Council Members offer alternative plan to deal with pension situation, budget cuts and new revenue
Louisville – An alternative proposal has been offered to deal with the $35 million projected deficit in the coming Metro Government budget due to pension obligations, increased health care costs and revenue shortfalls.
It calls for raising the insurance tax rate on all forms of insurance, other than health, in a more conservative manner and raising the car rental fee. It also calls for cuts or policy changes in Metro Government departments and all levels of management.
“Over the past several weeks, we have heard from constituents and agencies and have been working together to find an alternative solution that represents an appropriate balance of cuts with new revenue. We believe this proposal represents that balance,” says Councilman Markus Winkler (D-17).
“From the beginning, I have said that solving this problem will require both new revenue and an acceleration of the cuts we started last year. While there is no consensus on all cuts, which will ultimately be determined as part of the budget process, it’s clear the public and Council members want a balanced approach. I have been working with Councilman Winkler on this proposal and applaud his efforts,” said Councilman Bill Hollander (D-9), who chairs the Council’s Budget Committee.

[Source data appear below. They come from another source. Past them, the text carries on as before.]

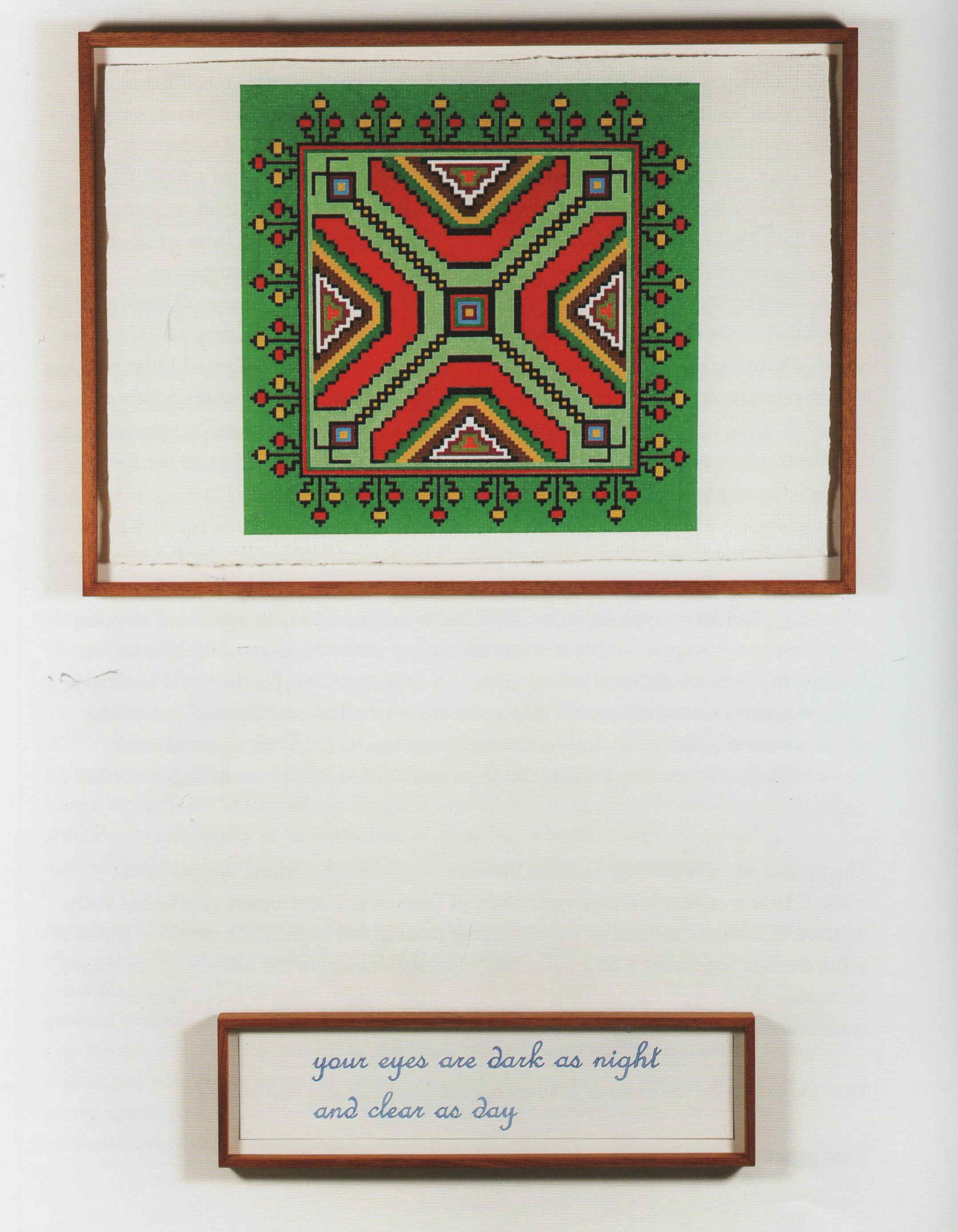 One of the most moving parts of the exhibition relates to images of his mother’s embroidery – much of it done while she was waiting in the migrant hostels. Once again there is a sense of alienness about these images – they are different, Un-Australian images from a distant culture. Danko took these images as central to his work Some Cultural Mediations – working the designs his mother and her friends embroidered onto cushion covers while in the migrant hostel, he translated the designs, rendering them on paper. A motif emerged in the work – that of the centre, the core – a powerful image for Danko which, one senses, has provided a basis for much of his work.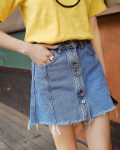 2017春夏新款韩版高腰单排扣牛仔裙半身裙百搭a字短裙包臀裙女潮
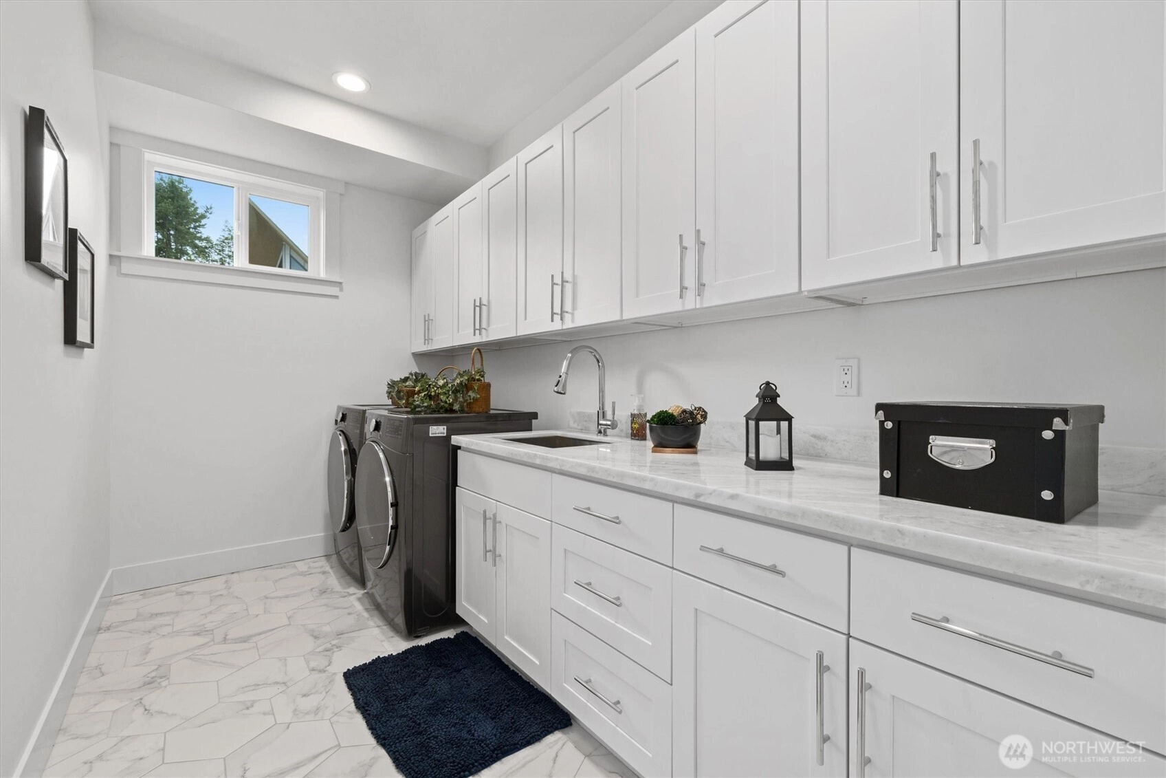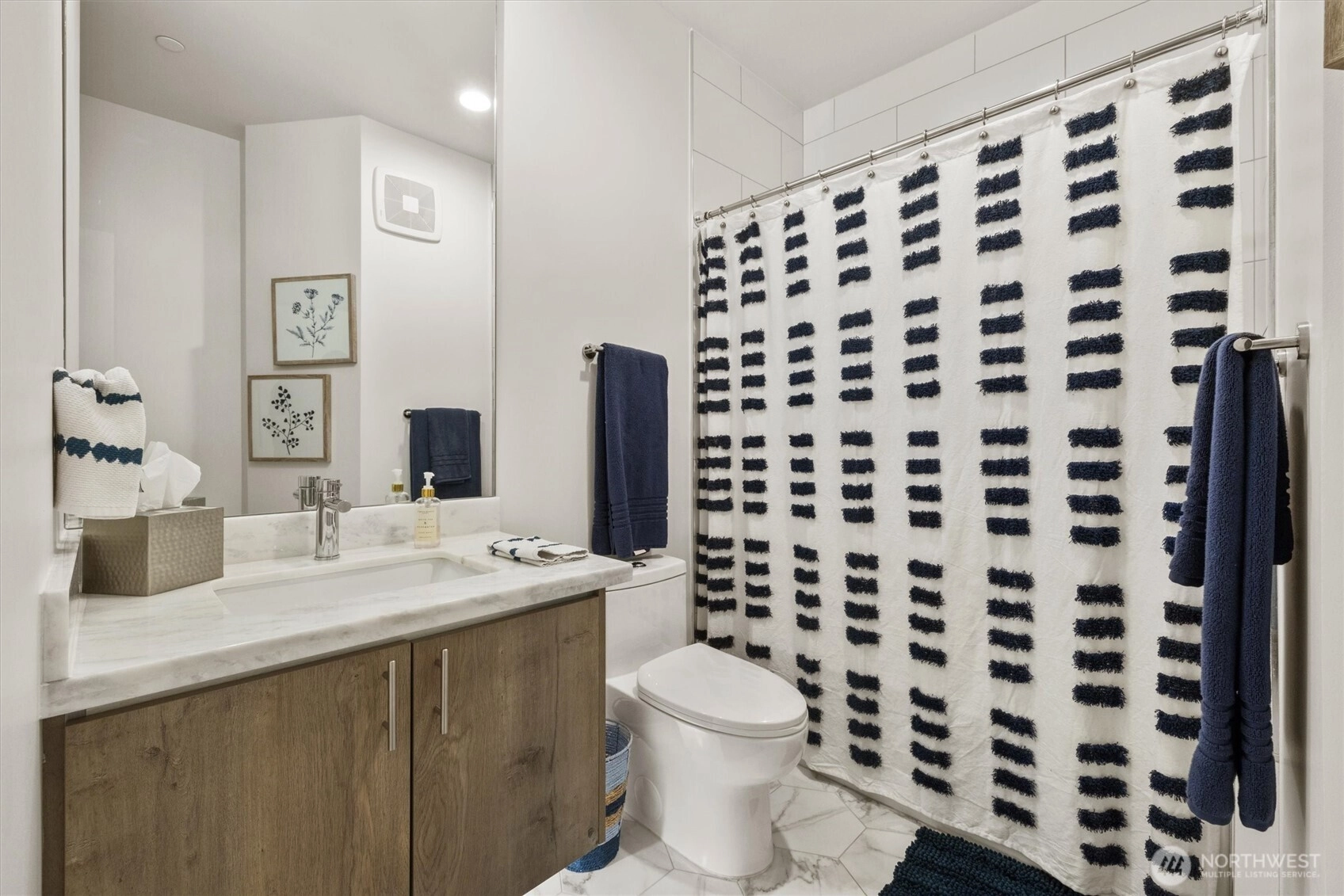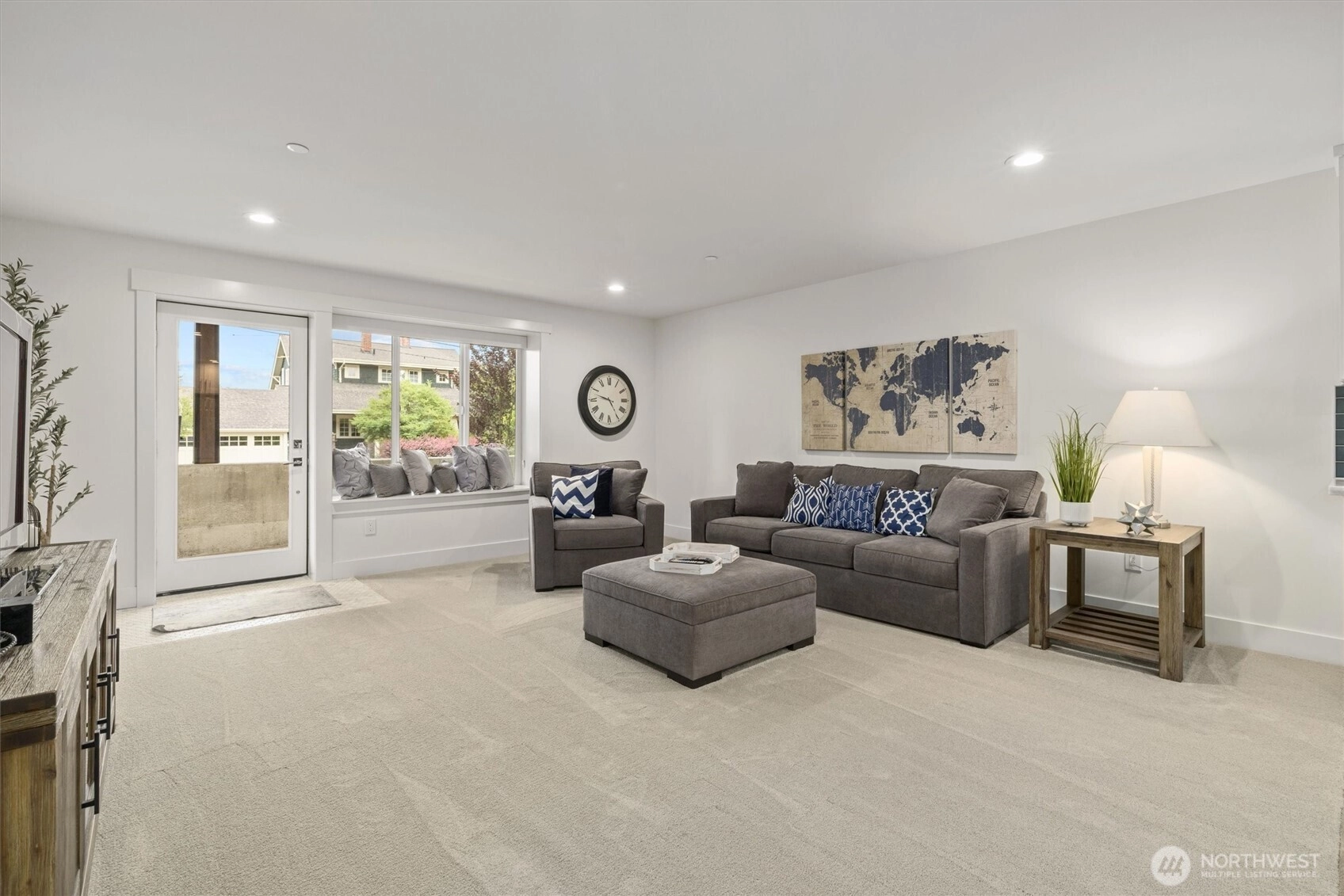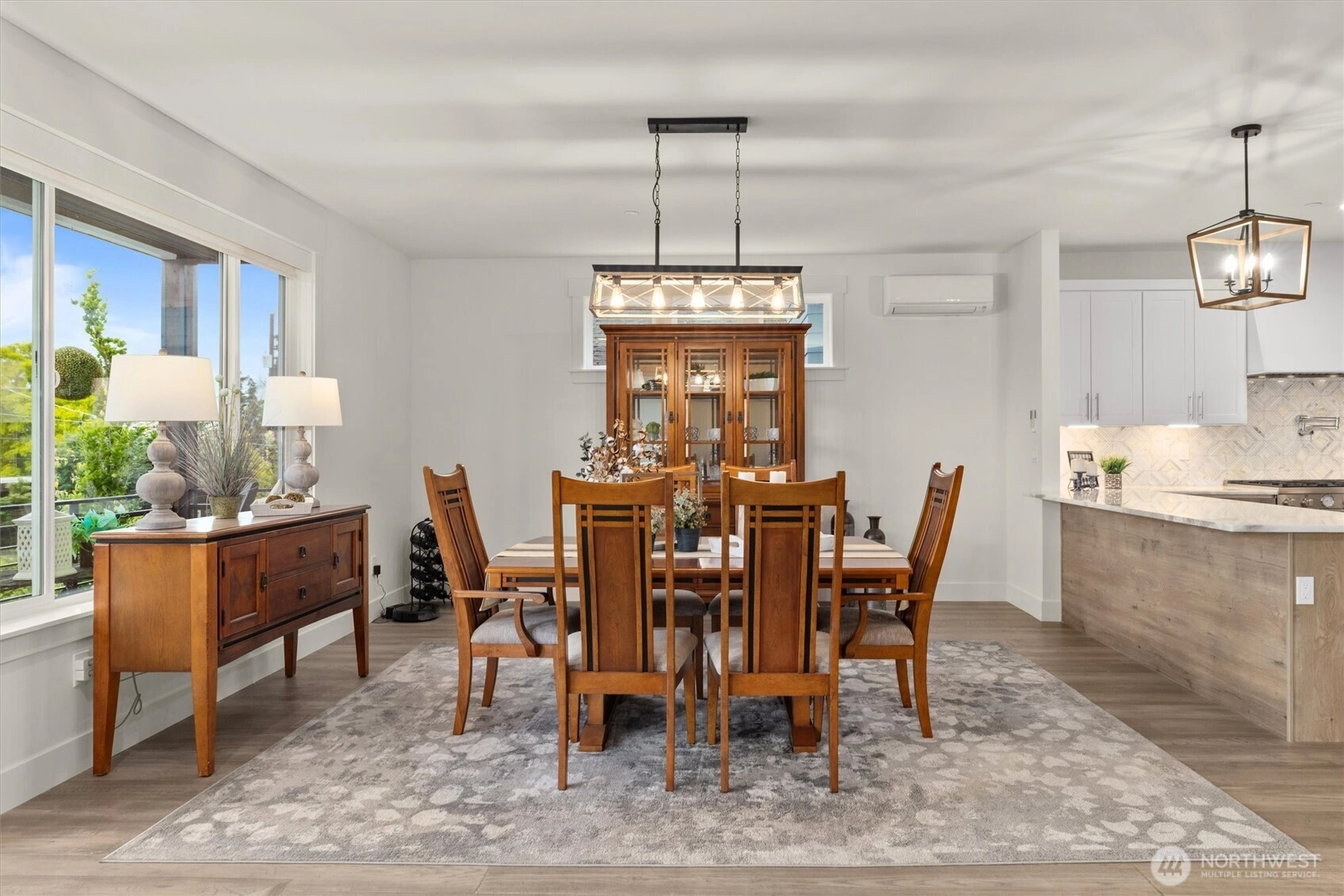 Contemporary farmhouse in desirable Seward Park w/views of Lake Washington & Mt Rainier. Open concept layout on the main floor features dining room, living room, & kitchen creating a perfect flow for everyday living & entertaining. Chef's kitchen equipped with 48" Bertazzoni gas cooktop & range, marble countertops & backsplash, large island w/sink, & a walk-in pantry. Cozy up by one of two fireplaces, & enjoy NW summers under the covered veranda plumbed for gas grill & large fenced yard. Upper floor features second living area, primary suite w/luxurious spa-like bath & walk-in closet & two bedrooms. Third-floor flex room w/wet bar, Juliet balcony, with east facing views. Large 1Bd/1Bth ADU on ground floor w/separate utilities & laundry. Perfect for generational living or rental. Mini-split heating/cooling. Large finished bonus rm on ground floor. Whole house fire sprinkler system.

“I think it is vitally important to ensure for at least the next four years with this increased pension obligation that our employees, community partners and constituents know fully what they can expect from their government. That’s the least we can do and that’s what this proposal does,” says Councilman Pat Mulvihill (D-10), who Chairs the Majority Caucus.
The insurance tax rate will be increased to 9% for the next two fiscal years, then increase to 10% in the following two years. Auto insurance would be slowly phased in beginning in FY 2021 and increase from 5% to just 6.5% by FY 2023. The rental car tax would increase to generate up to $1 million per year.
The plan estimates these increases would generate as much as $50 million in new revenue within four years.
To balance these increases, there is a call for cuts or policy changes in departments of Metro Government. The administration is being asked to consider some of the following areas to determine potential impact and feasibility:
Hiring freeze for all non-revenue producing positions and non-essential spending
Beginning July, 5% salary cut or furloughs for all employees earning over $90K annually
Cut every Metro Council NDF or Cost Center account by $20K
Increase Metro employee health insurance premiums
Eliminate COLAs for FY 20
Eliminate all take home vehicles (with minimal public safety exemptions)
Move USD to alternating weekly yard waste and recycling
No yard waste collection in winter
Move the Belle of Louisville to private funding
Return Youth Detention Services responsibility to the Commonwealth of Kentucky
Eliminate funding for the Living Room
Eliminate capital budget spending on bike lanes for at least two years
Reduce budgets in every department, focusing on management and communications positions
Eliminate suburban street sweeping
Reduce EMS service by one ambulance in areas where suburban districts provide service
Reduce /eliminate Council designated funds
“These potential cuts are significant and will be felt across all districts and areas of service but will address the structural deficit. Additional work will be needed to address the full balance of the pension obligation in FY23 and beyond. We are hopeful that the work of the Ad Hoc Committee on Efficiencies announced today by President James will help develop these long-term solutions,” says Winkler.
The alternative plan calls for asking the Kentucky Attorney General to launch an investigation on insurance red-lining. It asks for an increased effort to lobby the Kentucky General Assembly for additional taxing authority, includes a pledge to revisit insurance rates if additional options become available and includes language that all new insurance premium tax revenue shall be used only for pension cost increases after FY 18.